朝那湫沉积物有机代用指标和化学元素进一步印证了粒度的环境指示意义。湖泊沉积物中的TOC含量是描述沉积物中有机质丰度的基本指标[49],湖泊沉积物有机质分为内生有机质(来源于水生植物[50])和陆源有机质(来源于流域植被[50]),C/N比值高(低)指示陆源(内生)有机质贡献高[51]。由于湖泊内生有机质通常在光合作用过程中部分使用溶解无机碳合成光合初产物,因此其δ13Corg相对于陆源有机质δ13Corg而言通常较高,沉积物总有机质δ13Corg偏负,指示陆源有机质贡献增大;沉积物总有机质δ13Corg偏正,指示湖泊内生有机质贡献增大。因此,沉积物TOC、C/N比值、δ13Corg联合可以很好地指示沉积物有机质的相对贡献[52~55]。朝那湫湖泊沉积物主要来源于陆源碎屑物质,降水增多,流域植被发育好,沉积物中陆源有机质增多,TOC含量和C/N比值升高,δ13Corg偏负;降水减少,流域植被覆盖较低,进入湖泊的陆源有机质减少,沉积物TOC含量和C/N比值降低,δ13Corg偏正。因此,朝那湫沉积物有机代用指标能够反映湖区降水量变化。湖泊沉积物Si元素在多项研究中被认为是来自外源碎屑物质,一般与外源物质的输入有关,其含量与降水量、流域土壤侵蚀等有密切联系[56~59],且Si与粗粉砂和砂级颗粒有关[58]。岩芯CNQ12-1粒度、有机代用指标和Si元素反映的气候变化序列与迭山树轮[38]、泰和山树轮[39]以及榆中干湿指数序列[40~42]有良好的对应关系(图 4)。例如,1770 A.D.前后、1835 A.D.前后、1875 A.D.前后和1970 A.D.前后粒度偏粗、δ13Corg偏正、TOC和C/N比均偏低,表明该时期气候偏干,同期树轮记录与榆中干湿指数均证实了这4次干旱事件(图 4)。在气候偏湿期,陆源有机质贡献增大,沉积物TOC、TN含量和C/N比值升高、δ13Corg偏负、Si元素含量降低,对应时期沉积物粒径偏细;在气候偏干期,陆源有机质贡献减小,沉积物TOC、TN含量、C/N比值均降低、δ13Corg偏正、Si元素含量升高,对应时期沉积物粒径偏粗。

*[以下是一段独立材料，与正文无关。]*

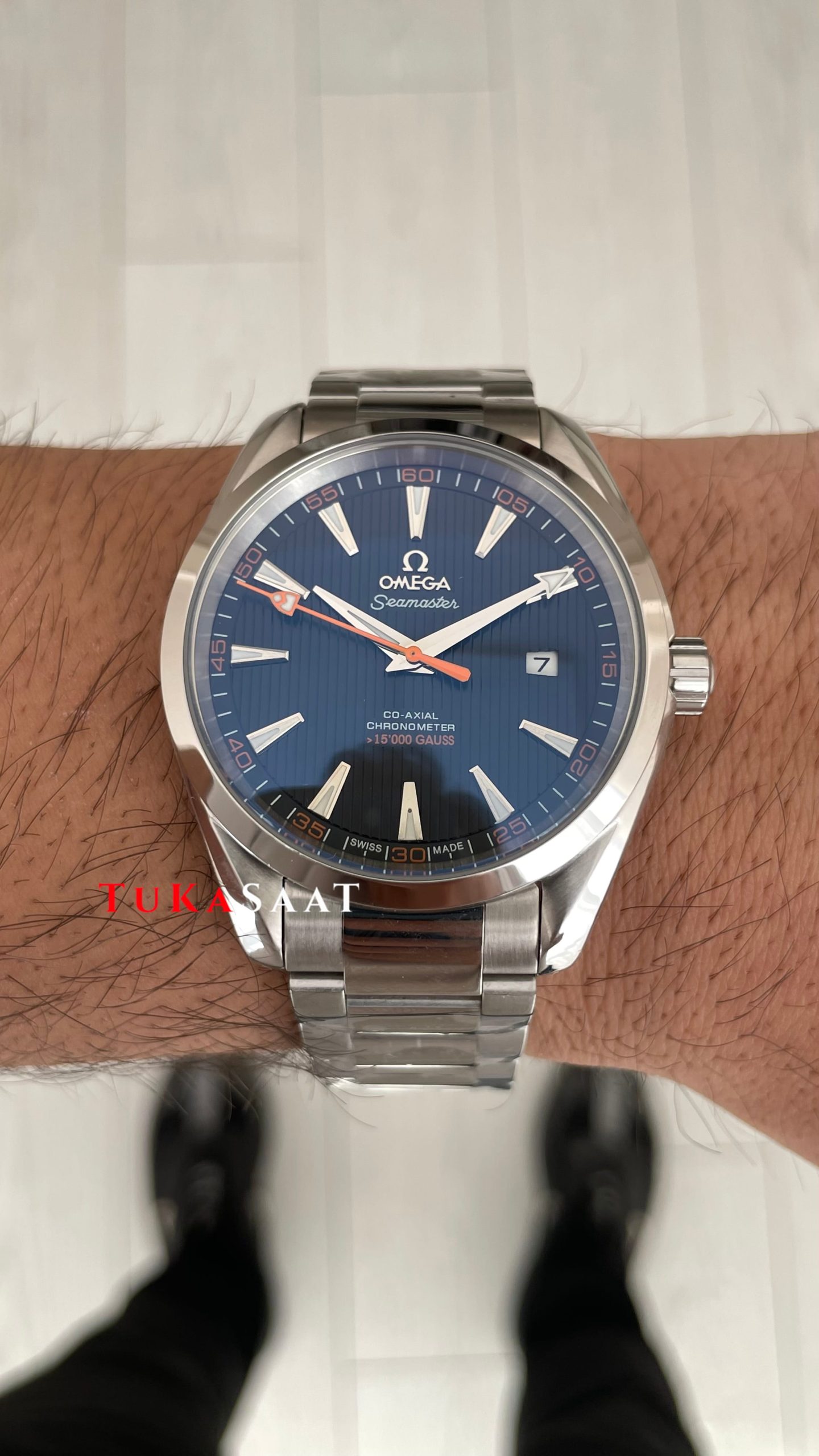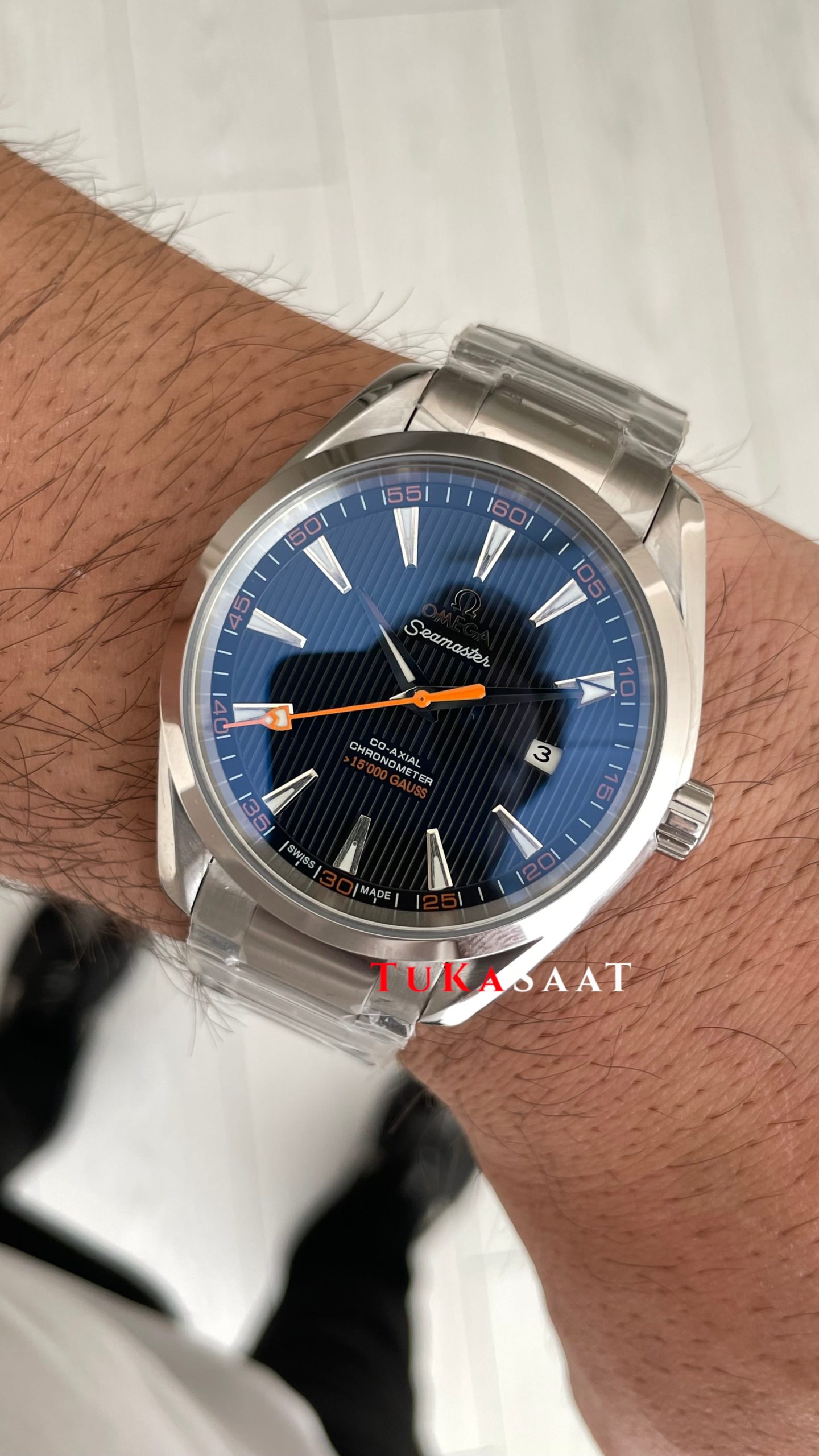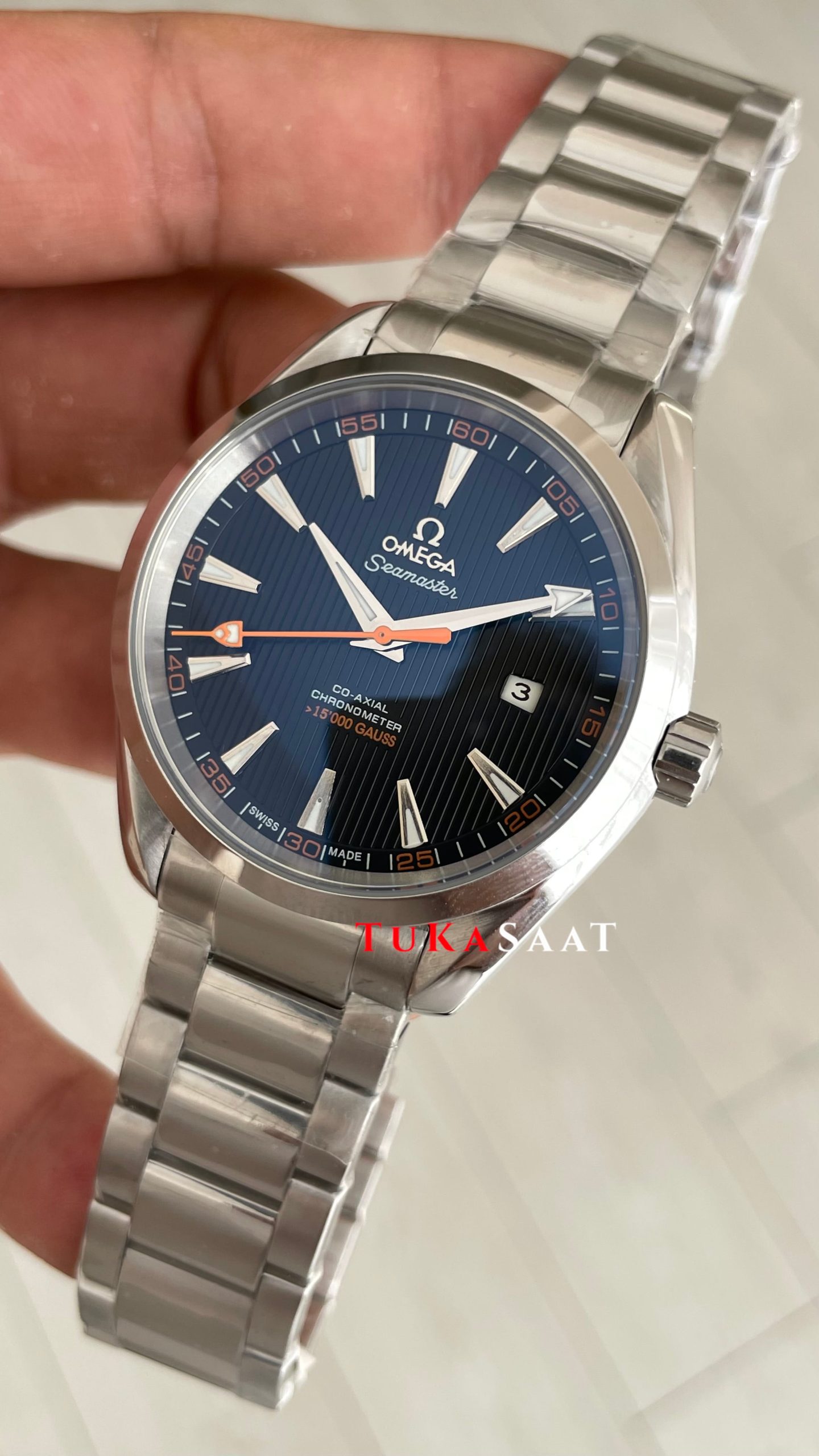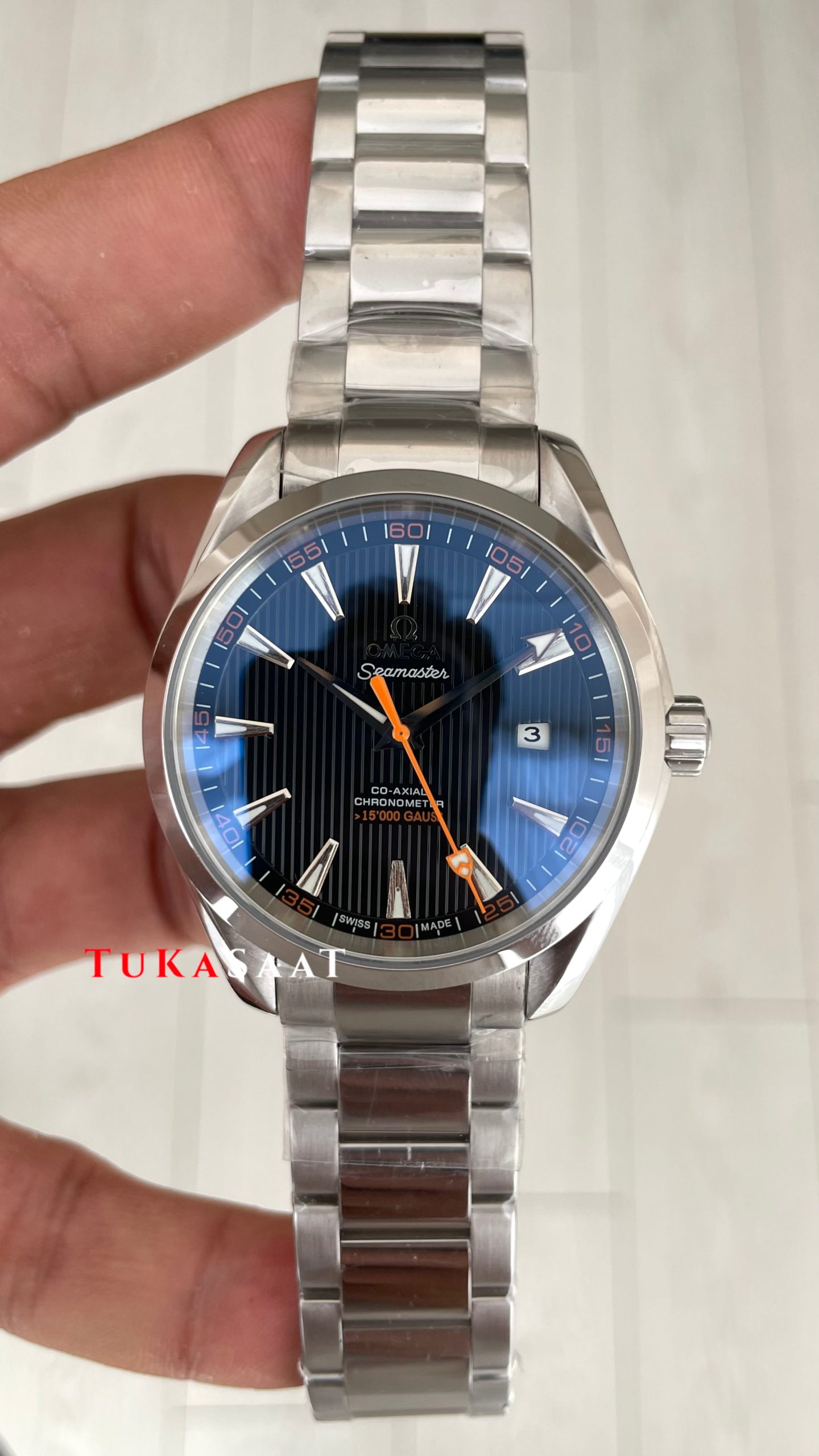 Omega Seamaster Aqua Terra Siyah 41mm Erkek Kol Saati modelinin kadran tasarımında ki, mikron ayrıntıları, düz çizgili indeksleri, turuncu saniye ibresi, akrep ve yelkovanının berraklığı, akar saniyesi ve tik ağacı desenli kadranı markanın imza niteliğinde olmasıdır. Beyaz & mavi renk fosforlu ibreleriyle kusursuz uyum içindedir. Mavi kadran rengi özgüvenli ve güçlü bir görünüm sunmayı seven erkekler için ideal bir seçenek ve her anınıza ayrıcalık katacaktır.

4 结论湖泊沉积物粒度不仅在不同时间尺度和分辨率上的环境指示意义并不相同,受湖泊面积大小、地形、流域植被覆盖及其他因素影响,粒度粗细指示的气候意义也有所差异,因此在不同的湖泊研究中应充分考虑影响沉积物粒度的各种因素。基于六盘山朝那湫湖泊岩芯CNQ12-1 (73 cm)的137Cs测年,建立过去近268年来高分辨率年代序列。该岩芯粒度指标与其他环境代用指标(TOC、C/N比值、Si元素等)的对比结果显示,沉积物粒度能够较好地反映流域降水变化历史,并记录了4次典型的干旱气候事件(1770 A.D.前后、1835 A.D.前后、1875 A.D.前后和1970 A.D.前后),这与邻近地区其他高分辨率气候记录有良好的对应关系。本文揭示了湖泊沉积物粒度在短时间尺度研究中的特殊指示意义:粒度偏粗指示降水较少、气候干旱,粒度偏细指示降水较多、气候湿润。朝那湫湖泊沉积物粒度在短时间尺度上的气候指示意义与现有的解释不同,这主要是由流域降水特点和植被覆盖程度决定的。
致谢: 感谢审稿专家提出的建设性修改意见,向编辑部各位老师的工作表示敬意!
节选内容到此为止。